Abstract

The need for reconfigurable, high power density, and low-cost configurations of DC-DC power electronic converters (PEC) in areas such as the transport electrification and the use of renewable energy has spread out the requirement to incorporate in a single circuit several topologies, which generally result in an increment of complexity about the modeling, control, and stability analyses. In this paper, a reconfigurable topology is presented which can be applied in alterative/changing power conversion scenarios and consists of a reconfigurable Buck, Boost, and Buck-Boost DC-DC converter (RBBC). A unified averaged model of the RBBC is obtained, a robust controller is designed through a polytopic representation, and a Lyapunov based switched stability analysis of the closed-loop system is presented. The reported RBBC provides a wide range of voltage operation, theoretically from to volts with a single power source. Robust stability, even under arbitrarily fast (bounded) parameter variations and reconfiguration changes, is reported including numerical and experimental results. The main advantages of the converter and the robust controller proposed are simple design, robustness against abrupt changes in the parameters, and low cost.

1. Introduction

It is widely known that the main goal of power electronic converters (PEC) is to convert energy from one stage to another in the most efficient way [1–5]. Early stages of Power Electronics in the “Modern Era” were devoted to the development of devices, accurate modeling of topologies, advances of reliable architectures, and design of high-performance control laws [6–8]. Later, researchers work was to improve technology from devices and overall converters efficiency [9]. In recent years, the researching goals in the development of PEC are system cost reduction, new interconnection technologies for ultrahigh power density systems, wide temperature operation range, smart power conversion, simple power management, and high level of integration [10].

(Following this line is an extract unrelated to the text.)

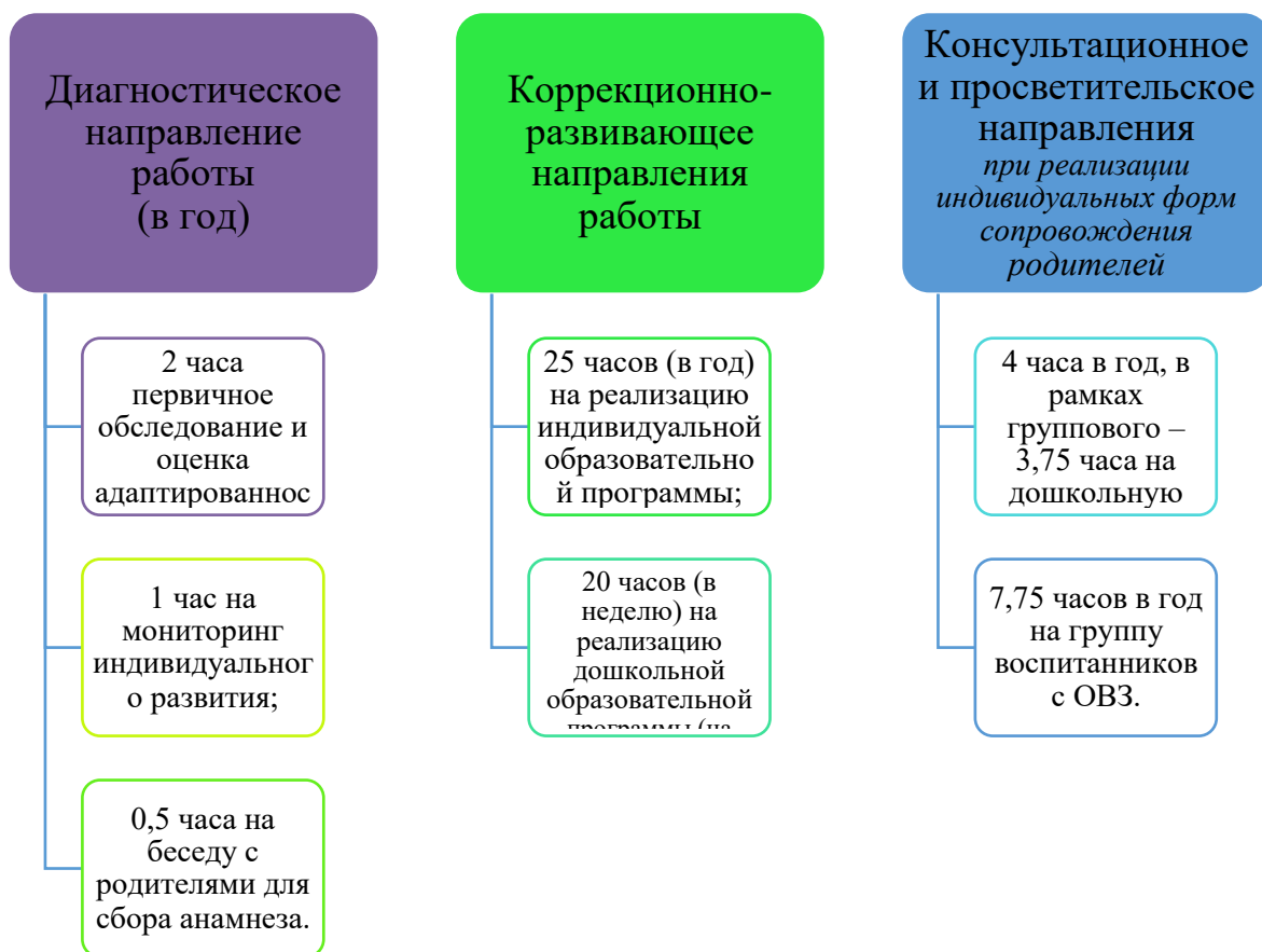
График организации образовательного процесса

In particular, examples of integrated PEC can be found in a wide range of different applications. For instance, in [11] an exhaustive review of converters configuration, power quality behavior, design guidelines, and overall selection was performed. In [12] an adaptive, proportional-integral (PI) controller was proposed for a power factor correction converter; a comparison between two conventional PI structures and adaptive one was performed. An interesting 12-polygonal space vector modulation technique in a matrix converter for direct torque control was proposed in [13]. An application to induction motors with variable speed was given achieving a significant reduction in torque ripple, noise, and vibration, shown by numerical simulations and extensive experimental tests. Evaluation and comparison of several multicarrier pulse width modulation (PWM) methods applied to solar powered multilevel inverters were reported in [14]. It was stated that switching losses, total harmonic distortion (THD), and electromagnetic interference (EMI) generated depend on the PWM method used.

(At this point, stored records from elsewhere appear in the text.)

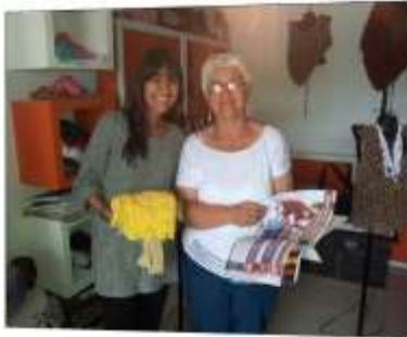
Foto asesoría puntual Tomada por: Gloria Duque Manizales, Caldas- marzo 11 de 2013 ,Artesanías de Colombia S.A.
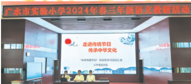
▲广水市实验小学“周二大舞台 教研展风采”教研活动
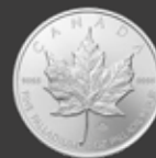
Maple Leaf 1 oz (31,10 g)
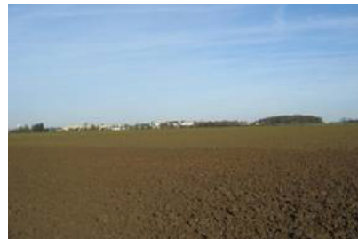
Silhouette urbaine d'Hautmont et du Fort.
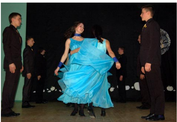
Šimtadienio akimirkos.

Actually, the integration of various PEC in a single circuitry (reconfigurable PEC or RPEC) is preferred because it has several advantages such as low cost, portability, modularity, an increment of power density, and a wide operation region [15–28]. However, this increment of versatility rises the modeling and control complexity. In order to overcome this concern, some advance control methodologies that work in operation regions rather than single operation points have been proposed by researchers, for instance, by intelligent [29–37], pulse adjustment [38], and hybrid controllers [39].

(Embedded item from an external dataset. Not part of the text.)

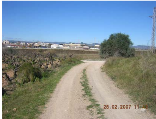
Tram 3: Enllaç camí de Meliό.
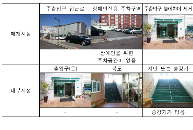
<표 14> 원신흥동성당의 장애인 편의시설 설치현황

도안신도시 진잠천변의 좋은 입지에 있으면서도 장애인을 위한 별도의 주차공간은 없었고, 주출입구에 작은 경사로가 있었지만 준공 후 발생한 단차를 해결하기 위해 덧댄 철판 형식이었고 경사로와 출입문 사이공간이 1m 남짓으로 협소하여 휠체어를 탄 장애인의 회전반경이 미확보됨을 알 수 있었다. 또한 화장실에도 장애인을 배려한 시설은 전무했다. 물론 향후 제대로 된 신축을 예정하고 있는 점을 감안하더라도 무엇보다도 가장 심각한 문제는 본당이 2층에 있음에도 불구하고 승강기가 없어 사실상 장애인의 미사 참여가 불가능한 상태였다. 12)

Few studies have investigated the development of RPEC and even of integrated PEC considering them as a class of polytopic switched system (PSS) [40]. Particularly, a PSS is a class of hybrid system constituted of a set of piecewise polytopic systems that commute owing to a discrete event. Those systems have the advantages that the switching principle can be stated by design rules; as a result, the PSS representation allows designing robust controllers with quantitative bounds of parameter variation, and the stability even among switching events is ensured, for example, by a common Lyapunov function. The controllers based on PSS can have high flexibility and adaptability in a large set of operating conditions like current or voltage ripple, changes on power load or voltage source, and continuous, discontinuous, or critical operation mode, among others.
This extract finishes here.